Is there a setting for latex or latexmk to make it just abort with an error message if it can't compile? Or, if necessary, how would I set up some kind of Expect script to auto-dismiss LaTeX's complaints?
(I had thought pdflatex's option -halt-on-error would do the trick but apparently not.)
Bonus question: Skim on Mac OSX is a nice pdf viewer that autorefreshes when the pdf changes (unlike Preview), except that whenever there's a latex error it makes you reconfirm that you want autorefreshing. Texniscope doesn't have this problem, but I had to ditch Texniscope for other reasons. Is there a way to make Skim always autorefresh, or is there another viewer that gets this right?
ADDED: Mini-tutorial on latexmk based on the answer to this question:
Get latexmk here: http://www.phys.psu.edu/~collins/software/latexmk-jcc/
Add the following to your ~/.latexmkrc file:
$pdflatex = 'pdflatex -interaction=nonstopmode';
(For OS X with Skim)
$pdf_previewer = "open -a /Applications/Skim.app";
While editing your source file, foo.tex, run the following in a terminal:
latexmk -pvc -pdf foo.tex
Use Skim or another realtime pdf viewer to view foo.pdf. For Skim, just look at the “Sync” tab in Skim’s preferences and set it up for your editor.
Voila! Hitting save on foo.tex will now cause foo.pdf to refresh without touching a thing.
With MikTeX, pdflatex has this command-line option:
-interaction=MODE Set the interaction mode; MODE must be one
of: batchmode, nonstopmode, scrollmode,
errorstopmode.
Edit suggested by #9999years:
Those values are equivalent to a set of LaTeX \commands that provide the same functionality.
From TeX usage tips:
The modes make TeX behave in the following way:
errorstopmode stops on all errors, whether they are about errors in the
source code or non-existent files.
scrollmode doesn't stop on errors in the source but requests input when a
more serious error like like a missing file occurs.
In the somewhat misnamed nonstopmode, TeX does not request input after
serious errors but stops altogether.
batchmode prevents all output in addition to that (intended for use in
automated scripts).

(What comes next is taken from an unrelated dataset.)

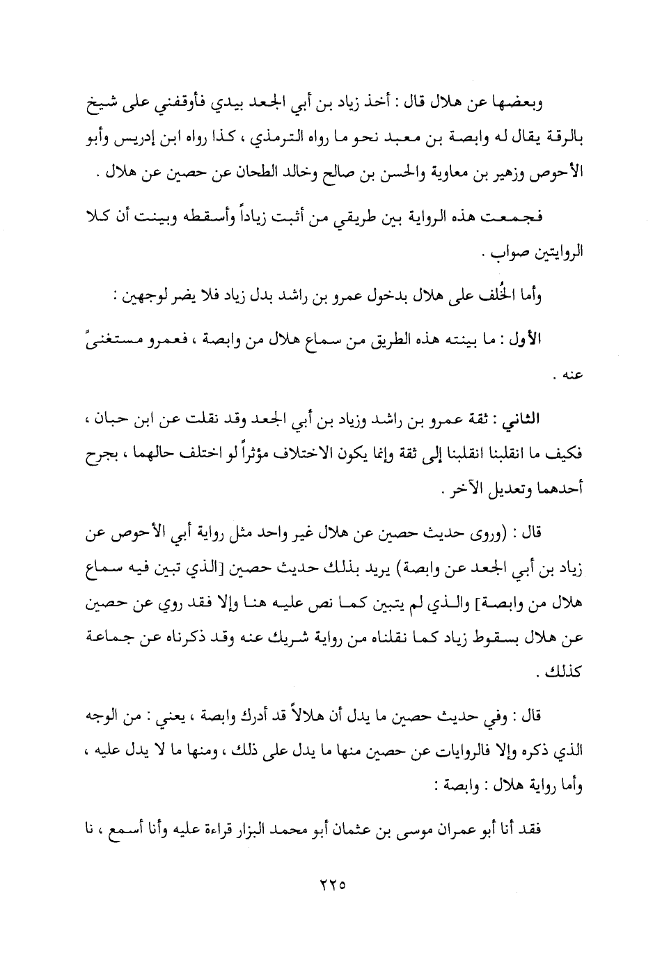 قال: (وروى حديث حصين عن هلال غير واحد مثل رواية أبي الأحوص عن زياد بن أبي الجعد عن وابصة) يريد بذلك حديث حصين [الذي تبين فيه سماع هلال من وابصة] والذي لم يتبين كما نص عليه هنا وإلا فقد روي عن حصين عن هلال بسقوط زياد كما نقلناه من رواية شريك عنه وقد ذكرناه عن جماعة كذلك.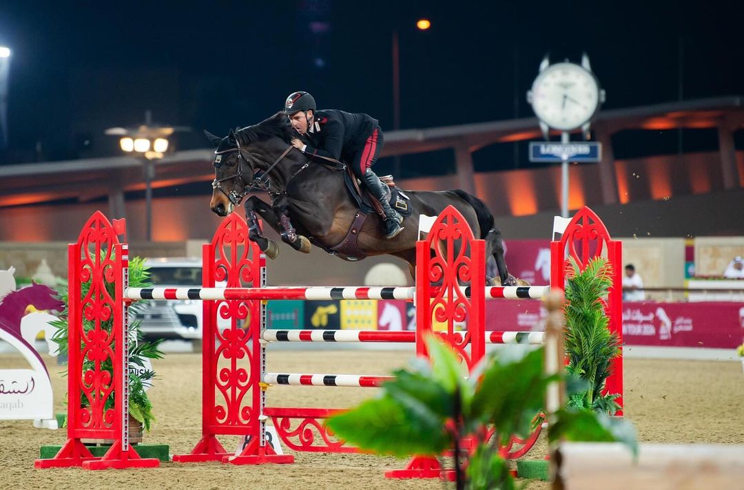Il cavaliere azzurro si è portato in vetta alla classifica della 145 LR nel pomeriggio di gare della seconda giornata del CSI4* di Doha.

In all cases, all errors are written to the log file
(yourtexfile.log).
You can also put \nonstopmode or \batchmode at the very beginning of your tex file; then it'll work with any TeX version, not just pdflatex. For more info on these and related commands see the very good reference on (raw) TeX commands by David Bausum. Especially the command from the debugging family could be of interest here.
Another possible hack is simply to use:
yes x | latexmk source.tex
You could always create an alias for 'yes x | latexmk' if you're going to use this option lots. The main advantage of this that I can see above the other suggestions is that it is very quick for when you occasionally want latexmk to behave like this.
Mehmet
There is also a \batchmode command may do the work.